Louis Cares

What's your mission?

There used to be a recruiting poster on the wall in the Google London MK which said "do cool things that matter." I think that poster really sums up one of my biggest gripes with - and personal failings in - big tech.

Tapping into our need for purpose and meaning is a powerful tool to recruit, and then motivate employees. It worked well for a time - when double digit growth was easy, and 20% time was an actual thing. It worked well because it was real. Even if you were writing ad serving code, you could feel good that the experience for the end user was going to be decidedly better than the alternative ad platforms, because it was.

This focus on mission above all else is IMO the best way to get a group of people to work together to achieve some goal. Nothing else lets you converge and move forwards as quickly when facing disagreement or interpersonal conflict. A well defined, well understood mission is the gold standard.

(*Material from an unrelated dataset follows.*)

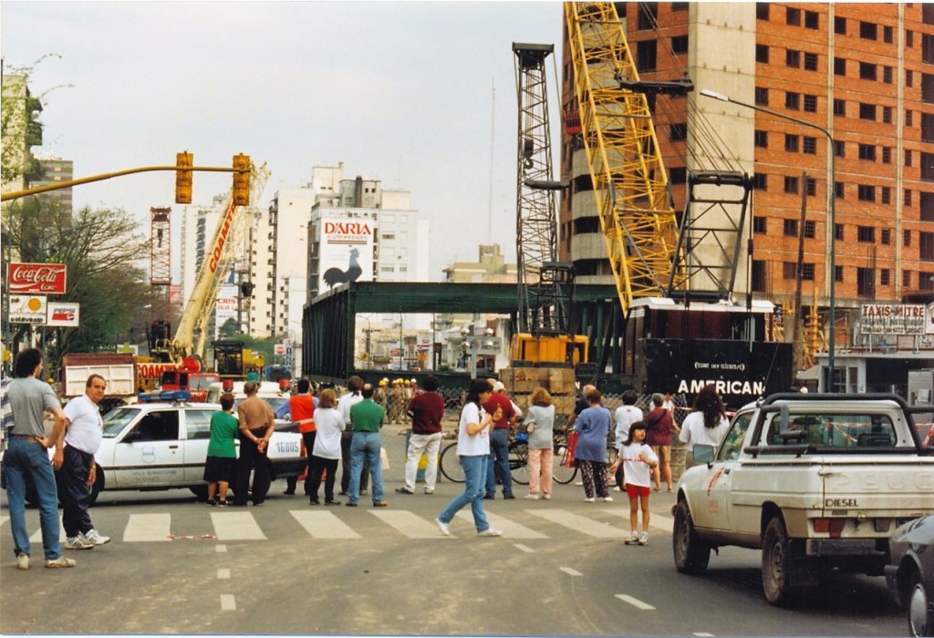 Vista del puente peatonal del Tren de la Costa durante su construcción. Este puente se decidió construir en 1993 para conectar las terminales Maipú del Tren de la Costa y la Estación Bartolomé Mitre del Ferrocarril Mitre, Ramal Mitre-Retiro.

And that is also it's downfall. If you want to truly have the mission be the glue that keeps the team on track, it has to be well defined - which is much harder than it sounds, and it has to be well understood by everyone who is contributing to it. Every time you encounter a difference in understanding of the mission, you need to stop and reconcile this through discussion. This takes a lot of time, forever.

This works great for startups who are able to pick a simple, well-defined mission, and which have teams small enough that everyone can truly be on the same page. I'd venture that the time spent discussing the mission and keeping everyone aligned ends up being less than the time that would be required to manage conflict and disagreement the "traditional" way. Not to mention that discussing the mission is often a positive and engaging experience which boosts motivation and buy-in; the alternatives are generally a neutral or negative experience for the team.

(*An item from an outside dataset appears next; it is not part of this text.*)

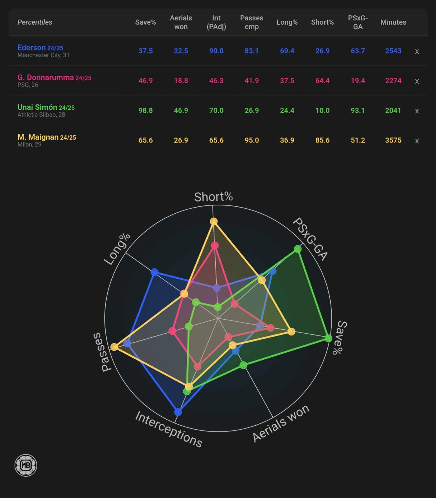 Для команды высокого уровня очень важен вратарь, умеющий отдать точный длинный пас. Это качество на реально элитном уровне тут только у Эдерсона. В то же время, Меньян известен своей игрой ногами — хорош в лонгболлах, но всё равно отстаёт от бразильца сильно. Симон и Доннарумма же слабоваты, испанец особенно.

Focusing on the mission does not work, at all, for companies with thousands of employees. I'd say it's a True Statement that by the time you have a recruiting poster on your office wall, your company is too big to truly be mission-driven. That's not to say the the company can't focus on some mission (or likely, missions) - it can - but the mission can no longer be the glue that keeps everyone moving in the same direction. By that point your business will be too complicated to sum up in a single, well-defined mission statement (and if you try, you'll get something that is useless in practise like "organise the world's information"). Even if you do manage to come up with a well-defined mission, it'll be impossible to ensure that your thousands of employees truly share the same understanding of it.

Big companies are not stupid of course, and they know this. It's why job ladders and performance reviews are a thing. "do some things that might get you promoted" is not a very catchy recruitment slogan though. And this is where the dissonance starts.

The layoffs shattered what was left of the illusion, but for a long time there was a somewhat disingenuous duality to the way big tech companies were run. All the words were about being "Googley", putting the user first, having enough community contributions, etc. All the incentives were about putting yourself first. That is your true mission: get promoted.

Those like me who were naive enough to believe the words, saw the incentives set up by levels and promo as a bug - a necessary and inefficient overhead, but something that should be secondary to the mission. Those who did well saw through the words to what was actually being asked of them, and worked the system. And they were right to do so.

Whether the company was focused on generating shareholder value or a specific mission-based outcome, to try and act in the company's best interests was wildly naive. It was behaviour that was in many ways encouraged, but in practise, simply wrong. In retrospect, the thought that a single person could even be capable of understanding the intricacies of such a company's objectives, let alone effectively prioritise their work against them, seems embarrassingly naive.

"Put the user first!" they said, so I complained when we objectively (I had receipts!) were not. Wrong. "Do no evil!" they said, so I was indignant when we broke out every trick in the book to optimise acceptance of new T&Cs (without drawing attention to the fundamental changes to user privacy!). Wrong.

It was only during a conversation with one of the HR team who worked on the perf system that all of this finally dawned on me. The levels, promotions, equity refreshes, all of it, was exactly what the company wanted me to focus on. It's what they expected me to focus on. Pulling those incentive levers was how they steered the thousands-strong teams that the company was made of. The aspirational mission stuff was left over from the company's previous life. It still helped to get people through the door so nobody had cleaned it up.

That duality is what I struggled with. In fantasy mission-driven land, I was indignant that peers got promoted for projects that delivered questionable value to users or the company. Once I'd graduated to reality, I was irked by what I perceived as dishonesty in how the company spoke to it's employees.

Ultimately though, the reason I left is that I need to care about the mission. I'm lucky enough to not have to worry about the bottom segments of Maslow's hierarchy, and the only mission truly on offer in big tech - more stock, more reports, level++ - is not one that ever motivated me.

So why am I writing this now? Well, honestly, putting these aspirational missions first hasn't got me very far - either personally, or in achieving the purported goals of those missions. Meanwhile, the number of peers and ex-colleagues who chose the career mission - and whose comp is ticking over into 7 digits - is only increasing.

Anyway, I thought that now - as I make the same decision again - would be a good time to remind myself of what I truly value: working as part of a well-aligned team, with a mission to create value for someone other than us.